24 июня. Вечером, поздно. Жизнь! Жизнь! Среди тумана и грусти, середь болезненных предчувствий и настоящей боли вдруг засияет солнце, и так сделается светло, хорошо. Сейчас пошел Вольдемар; долго говорили мы с ним… Он тоже грустен и много страдает, и как понятно мне каждое слово его! Зачем люди, обстоятельства придают какой-то иной характер нашей симпатии, портят ее? Зачем они все это делают?
25 июня. Вчера был Иванов день. Дмитрий был на именинах у одного учителя. Он воротился поздно и нетрезвый; я никогда не видала его в таком положении.
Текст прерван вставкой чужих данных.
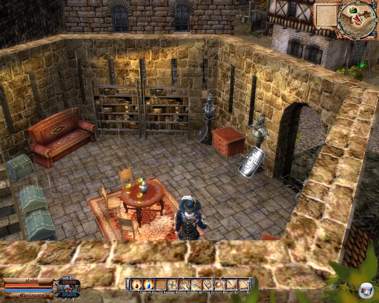 Wieso tue ich mir das an? Weil es selbst die teils Grauen erregende Kampfmechanik, die auch Gefechte hoch zu Ross erlaubt, nicht schafft, die Qualität der Geschichte zu vernichten. Ja: Die Kämpfe sind ein nicht zu unterschätzender Bestandteil von HG – sollten sie in einem action-orientierten Rollenspiel auch. Doch für „Kloppmist“ bietet die Saga eine erstaunlich verzweigte, überraschende und spannende Geschichte, bei der deutlich wird, dass hier ähnlich wie bei Ataris The Witcher ein Buch als Vorlage für ein interessantes Universum hergehalten hat. Die mittelalterliche Fantasy-Welt, die ähnlich wie in Arcanum Schauplatz eines Kampfes zwischen Technologie und Feudalkultur ist, lässt mich als Spieler immer wieder im Ungewissen, was jetzt „Gut“ oder was „Böse“ ist. Und letztlich scheint alles sowieso nur eine Grauzone zu sein, was nicht nur durch den verwirrenden und verwirrten Helden versinnbildlicht zu sein scheint, der im Laufe der Zeit mit Technologie und gottgleicher Macht konfrontiert wird.
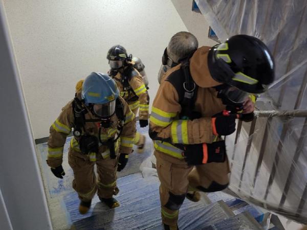 이날 훈련은 팀별 4명을 구성해 ▲37층 계단오르기 ▲소방시설을 활용한 화재진압 ▲인명탐색 순으로 진행됐다.
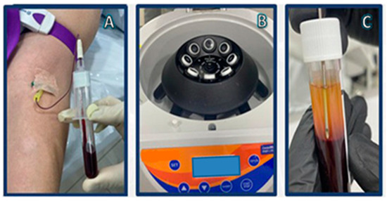 i-PRF preparation: (A) vacuum-extraction blood specimen collection; (B) centrifugation; (C) i-PRF aspiration.
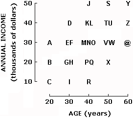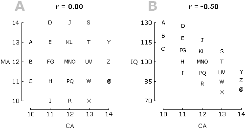 To continue, we note that Display 1-2A contains the 26 letters of the alphabet along with the @ symbol. Each of these 27 symbols provides two pieces of information about each of the 27 father-son pairs � the IQ of the father, and the IQ of his son. Take point A, for example. By looking below it, we see on the X axis that the father scored 10, and by looking to the left of it, we see on the Y axis that his son scored 12. Or, in the case of point U, we see that the father scored 13 and his son also scored 13.
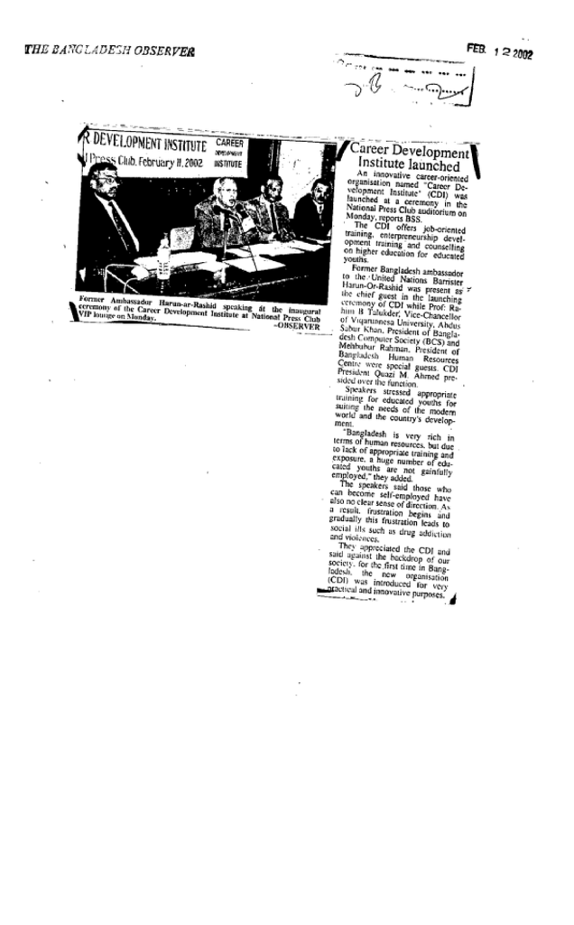Career Development Institute Launched Published on Newspaper The Bangladesh Observer Category Others Download
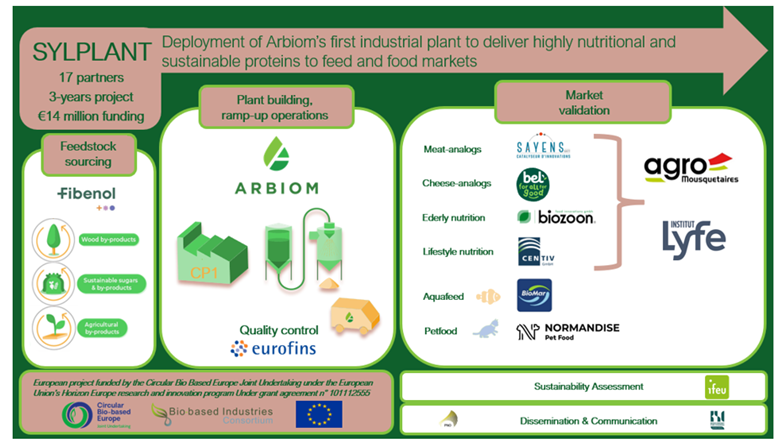SYLPLANT lead partner, Arbiom, has developed protein-rich food (Yusto) and feed (SylPro) ingredients combining underexploited feedstock such as agricultural or forestry residues with yeast. Given the high availability of the feedstock, the ingredients can be produced locally and on a large scale, while the fermentation process minimizes CO2 emissions. The SYLPLANT project goal is to industrially deploy Arbiom’s protein-rich ingredient production while validating its deployment from feedstock to retailers on 3 markets: aquafeed, pet food and Human food. The project will include the sustainability of the value chains in Europe, to contribute to its protein sovereignty.
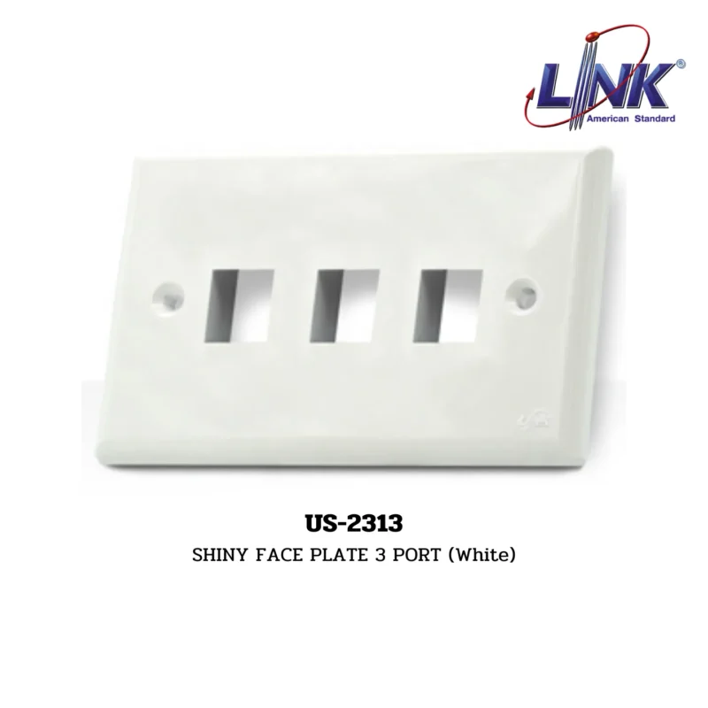 Overview: The US-2313 Shiny Face Plate, featuring three ports and a white finish, is designed to provide a neat and professional appearance for network and electrical installations. This face plate is part of the FACE PLATE, WALL BOX, CHANGER sub-range under the LAN (UTP) System by LINK.

Бледный, с растрепанными волосами, неверными шагами ходил он по спальне. «Тебе дурно, мой друг? — сказала я. — Не дать ли тебе воды?» — «Да, — говорил он голосом, задыхающимся от волнения, и с выражением, совершенно чуждым его характеру, — если б ты столько принесла воды, чтоб утопиться можно, я бы поблагодарил тебя». Я глядела прямо в глаза ему, он смешался. — «Не слушай, бога ради, что я вру, — сказал он, испугавшись, вероятно, моего взгляда, — сам не знаю, как выпил лишний стакан вина, от этого жар, бред… Прощай, мой друг, я отдохну здесь немного», — и он бросился, совсем одетый, на диван и скоро заснул тяжелым сном. Я не спала всю ночь; глубокое страдание выражалось на сонном лице его; иногда он улыбался, но не своей улыбкой… Нет, Дмитрий, меня не обманешь! Ты не случайно выпил лишний стакан вина, ты не в бреду говорил твои слова, а вино только придало тебе жестокости, которой вовсе нет в твоей душе. Что это делается над нашими головами, боже милосердый! Это свыше сил человеческих! Тяжело тебе, бедный Дмитрий! А мне-то видеть его страдания а знать, что причиною всего я!